BEGIN DATASET
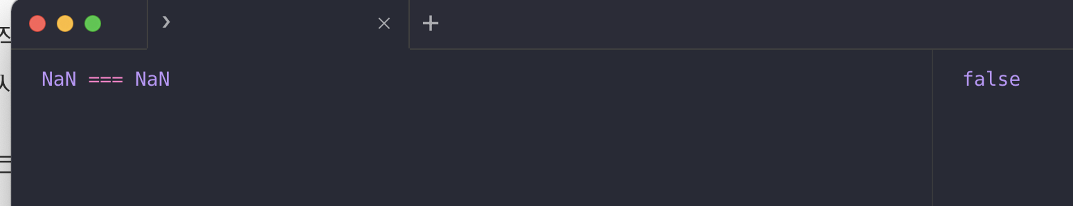 오! 이런신기한일이..NaN은 자신과 일치하지 않는 유일한 값이라고한다.
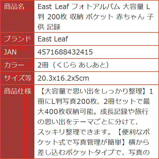 「仕様」アルバムサイズ:縦20.3cmx横16.2cmx厚さ5cm、写真サイズ:L判(8.9x12.7cm)、収納枚数:200枚、材質:紙製カバー、PP透明フィルム、個数:2冊セット
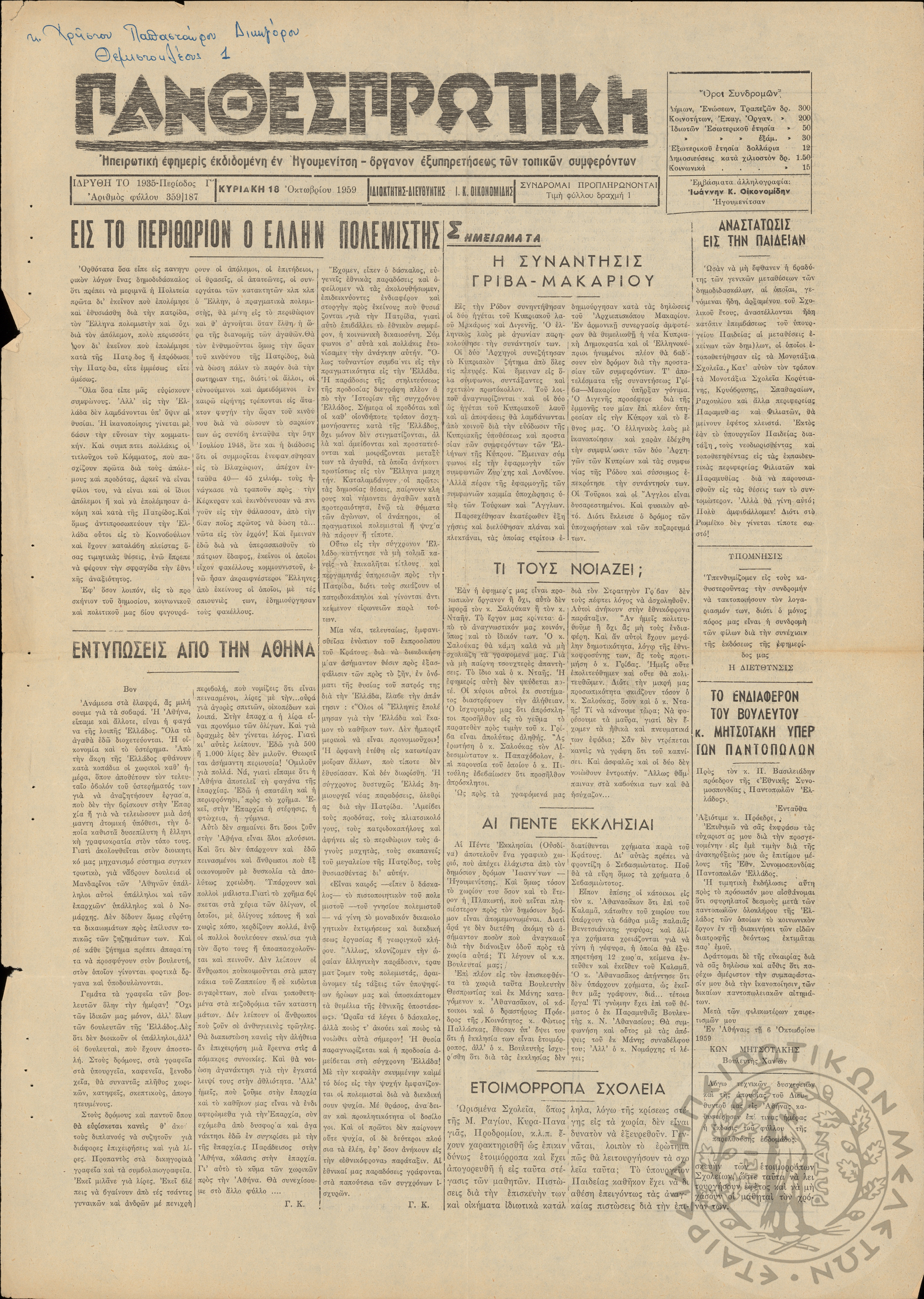 - Ψηφιακό Αποθετήριο Ανάδειξης και προβολής των ιστορικών τεκμηρίων της Εταιρείας Ηπειρωτικών Μελετών
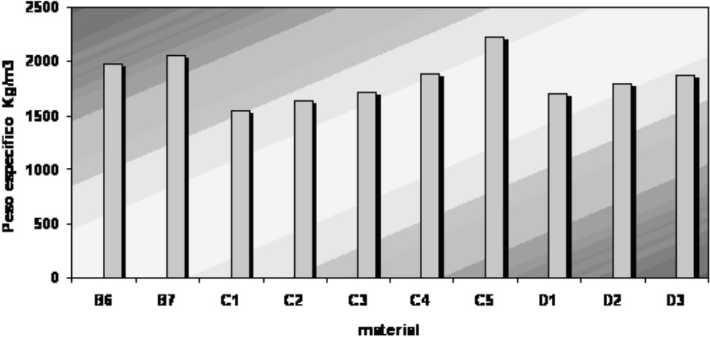 El desarrollo experimental realizado en este trabajo, cubrió el campo de la matriz de concentraciones, mostrado en la Fig. 2, con pesos específicos dados en la Fig. 3.
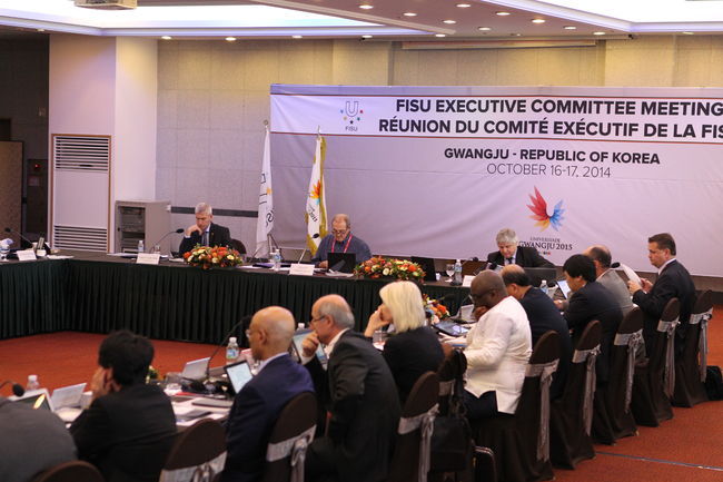 2015 광주유니버시아드 조직위원회(이하 조직위)가 16일 홀리데이인 광주 호텔에서 열린 세계대학스포츠연맹(FISU) 집행위원회에서 광주대회 진행사항을 보고했다.
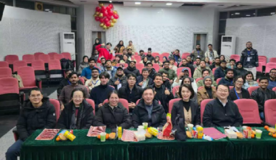二楼报告厅举行留学生新春暨迎新晚会。学校国际合作与交流处副处长蒲诗璐、来华留学生负责人罗浔科长,DB电竞
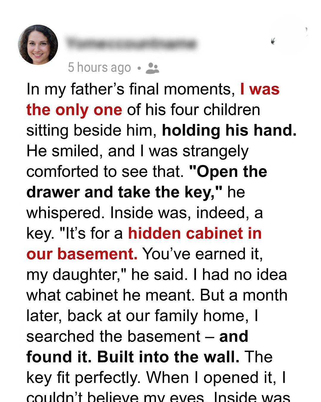 Growing up, my older siblings always accused me of being our dad’s favorite, so they always outcast and bullied me. But when Dad died, I was by his side, and he thanked me by gifting me a key that opened something my siblings would kill for. Something life-changing.In my father’s final moments, I was the only one of his four children sitting beside him, holding his hand. Little did I know that my love and loyalty would land me in his good graces, receiving a massive gift I never imagined.
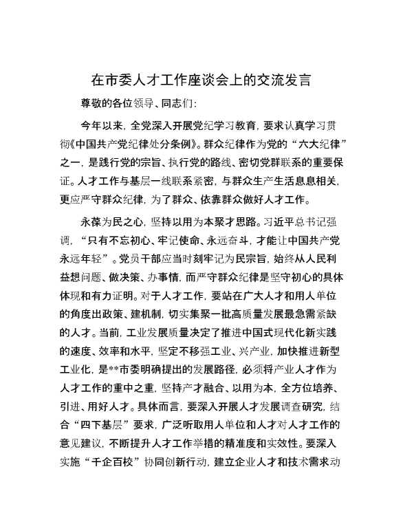 在市委人才工作座谈会上的交流发言 2024-10-10 Word模板 86 购买前,请一定要先点击这里看看,欢迎持续关注,精彩模板每天推送 预览结束,本文件为word文档,一共3页,共1443字,请购买后,下载后查看 购买前,请一定要先点击这里看看,欢迎持续关注,精彩模板每天推送 资源下载下载价格29 RMBVIP免费升级VIP点击检测网盘有效后购买有任何充值和下载问题请加微信:xuexixuexi66 0 演讲发言
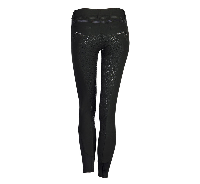 Riding breeches with contrast stitching and crystals, two side pockets and two back pockets, round-stitched seat with silicone print for extra grip in the saddle, lycra flex legs
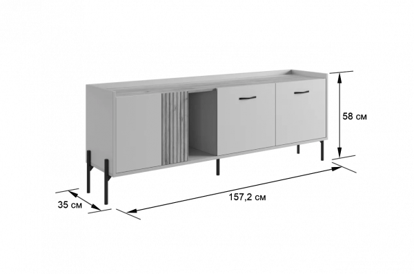 Стильные металлические ручки придают тумбе современный и модный вид. Открытая ниша обеспечивает легкий доступ к вещам, которые вы используете часто, или может служить пространством для размещения медиа-устройств.
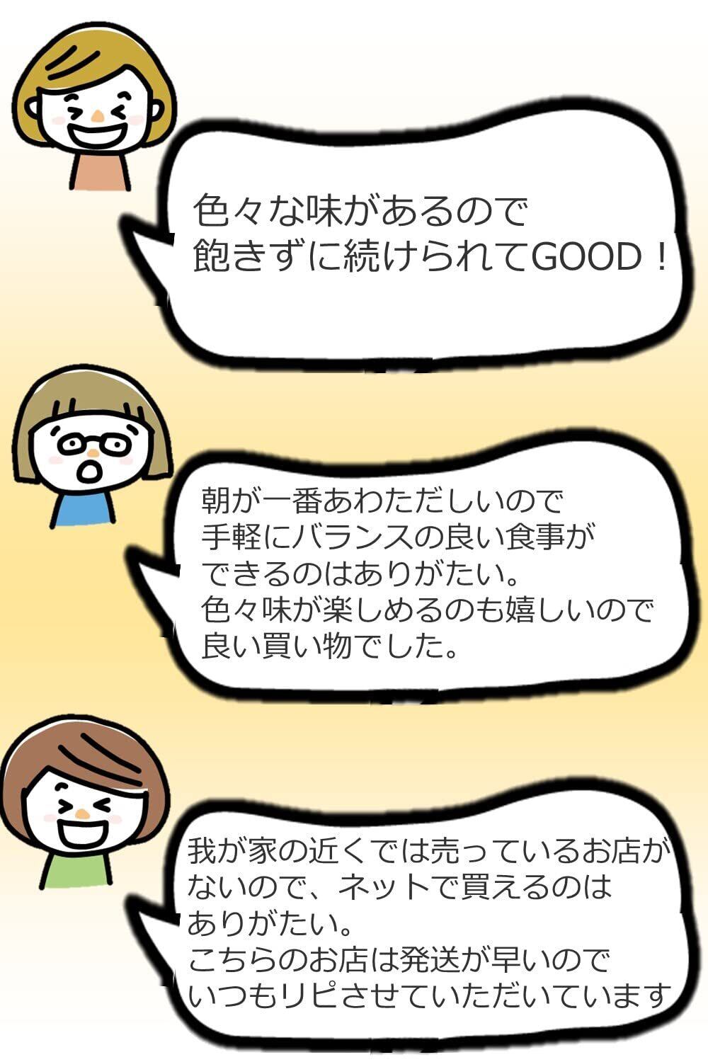 「健康や栄養を気にしている方にも喜ばれるバランスパワー。家族全員でシェアできるので、みんなで楽しむのにも最適です。あなたの毎日をサポートする、心強い栄養補助食品です!」
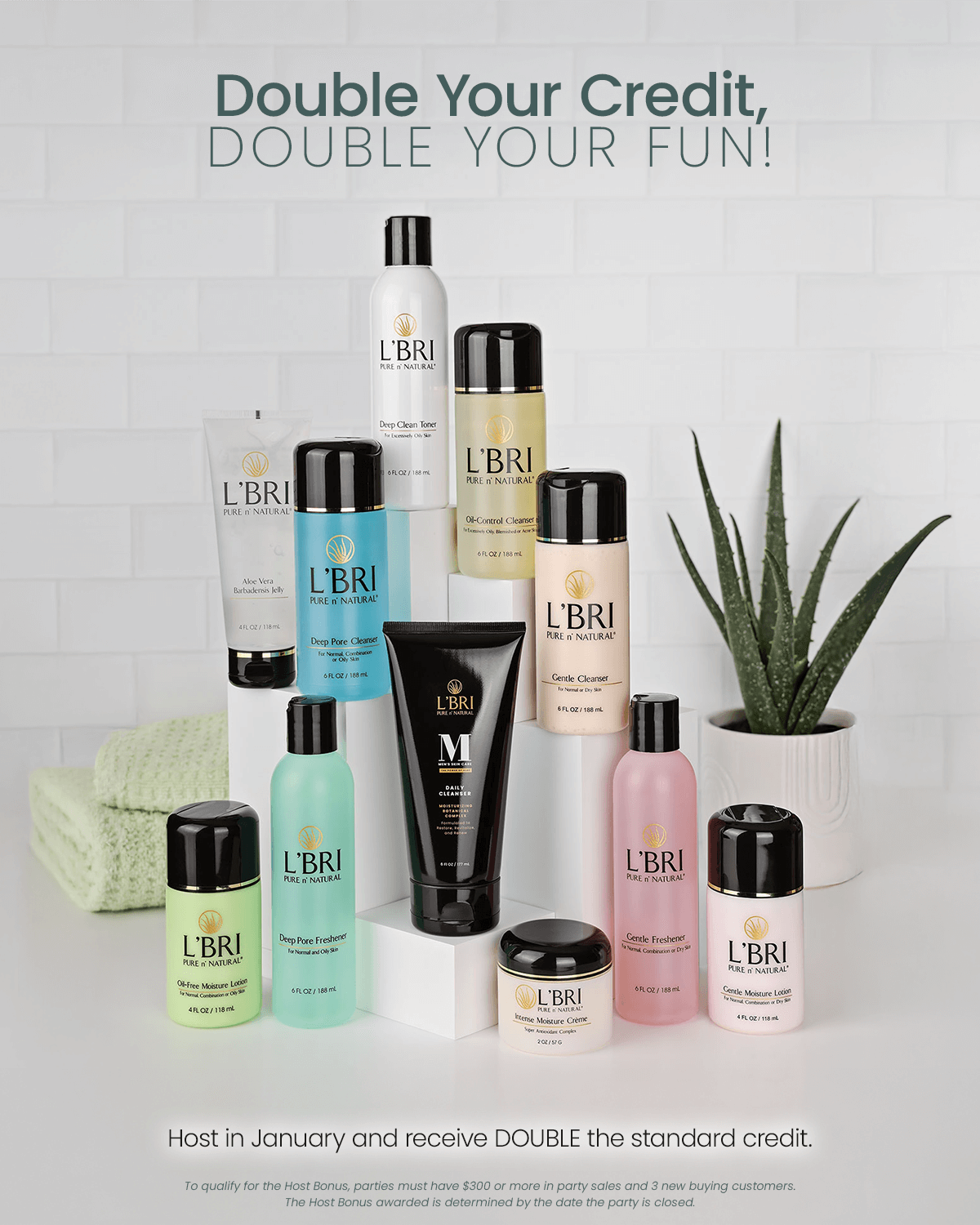 For this month only, when you host a $300+ L’BRI Show and welcome 3 new buying customers, you’ll receive DOUBLE Host Bonus Credit.
END DATASET
# [PROBLEM DETAILS]
Transcribe every entry exactly. Leave out the pictures.

# [TASK RESULT]
 오! 이런신기한일이..NaN은 자신과 일치하지 않는 유일한 값이라고한다.
 「仕様」アルバムサイズ:縦20.3cmx横16.2cmx厚さ5cm、写真サイズ:L判(8.9x12.7cm)、収納枚数:200枚、材質:紙製カバー、PP透明フィルム、個数:2冊セット
 - Ψηφιακό Αποθετήριο Ανάδειξης και προβολής των ιστορικών τεκμηρίων της Εταιρείας Ηπειρωτικών Μελετών
 El desarrollo experimental realizado en este trabajo, cubrió el campo de la matriz de concentraciones, mostrado en la Fig. 2, con pesos específicos dados en la Fig. 3.
 2015 광주유니버시아드 조직위원회(이하 조직위)가 16일 홀리데이인 광주 호텔에서 열린 세계대학스포츠연맹(FISU) 집행위원회에서 광주대회 진행사항을 보고했다.
二楼报告厅举行留学生新春暨迎新晚会。学校国际合作与交流处副处长蒲诗璐、来华留学生负责人罗浔科长,DB电竞
 Growing up, my older siblings always accused me of being our dad’s favorite, so they always outcast and bullied me. But when Dad died, I was by his side, and he thanked me by gifting me a key that opened something my siblings would kill for. Something life-changing.In my father’s final moments, I was the only one of his four children sitting beside him, holding his hand. Little did I know that my love and loyalty would land me in his good graces, receiving a massive gift I never imagined.
 在市委人才工作座谈会上的交流发言 2024-10-10 Word模板 86 购买前,请一定要先点击这里看看,欢迎持续关注,精彩模板每天推送 预览结束,本文件为word文档,一共3页,共1443字,请购买后,下载后查看 购买前,请一定要先点击这里看看,欢迎持续关注,精彩模板每天推送 资源下载下载价格29 RMBVIP免费升级VIP点击检测网盘有效后购买有任何充值和下载问题请加微信:xuexixuexi66 0 演讲发言
 Riding breeches with contrast stitching and crystals, two side pockets and two back pockets, round-stitched seat with silicone print for extra grip in the saddle, lycra flex legs
 Стильные металлические ручки придают тумбе современный и модный вид. Открытая ниша обеспечивает легкий доступ к вещам, которые вы используете часто, или может служить пространством для размещения медиа-устройств.
 「健康や栄養を気にしている方にも喜ばれるバランスパワー。家族全員でシェアできるので、みんなで楽しむのにも最適です。あなたの毎日をサポートする、心強い栄養補助食品です!」
 For this month only, when you host a $300+ L’BRI Show and welcome 3 new buying customers, you’ll receive DOUBLE Host Bonus Credit.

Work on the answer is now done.